The events in Quebec demonstrate that a new movement is ascending but
important challenges remain. Sections of the global justice movement
remain predominantly white and inaccessible to people with little or no
financial security. This issue is particularly relevant for those
mobilized around direct action, as was graphically demonstrated by the
comparatively diverse labour march. Organized activists need to look at
the ways issues are made a priority, how we organize, and how
accessible our organizing spaces are.
For anti-capitalism to become a stronger and more explicit force within
the movement, it needs to become a more significant force within the
labour movement. Activists inside and outside labour need to focus on
the ways trade agreements and other tools of capitalism make an impact
domestically. The anti-FTAA protests in Quebec City are important
because they raise opportunities to link local struggles to the
capitalist system in both practical and theoretical ways. An analysis
that makes these links may increase the numbers of people who
participate in these demonstrations, as well as the potential gains.
Protesting at summits will not bring about the kind of radical systemic
change required (although organizing and participating in these kinds
of protests does provoke change in individuals and activist groups).

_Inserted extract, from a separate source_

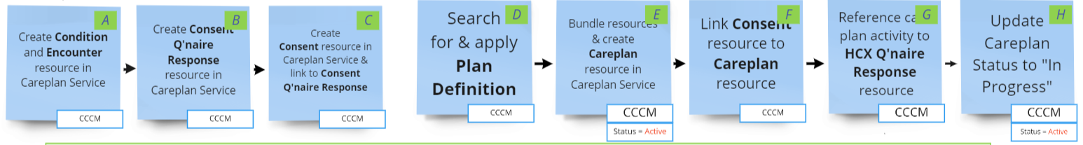 Refer to the “Create CarePlan” flow below for an illustration of the three typical scenarios by which the CarePlan Service API Sequence is Triggered.

Quebec has opened up space for activists within their locals to push
for more labour engagement in struggles occurring on the ground locally,
for example, through supporting and encouraging the development of flying
squads which support picket lines and direct actions. In Toronto,
unions can be pushed to commit to work with the Ontario Coalition Against
Poverty (OCAP) in its provincial campaign against the neo-liberal
agenda of Mike Harris’ government. The protests in Quebec have strengthened
the militancy, advanced the solidarity and increased the numbers of
people who are prepared to engage in this kind of work.
Susan Bender and Jackie Esmonde are members of the NSG who participated
in educational forums and in the marches in Quebec as part of the Rosa
Luxemburg Affinity Group. Their analysis reflects their engagement in
those events and discussions with other group members.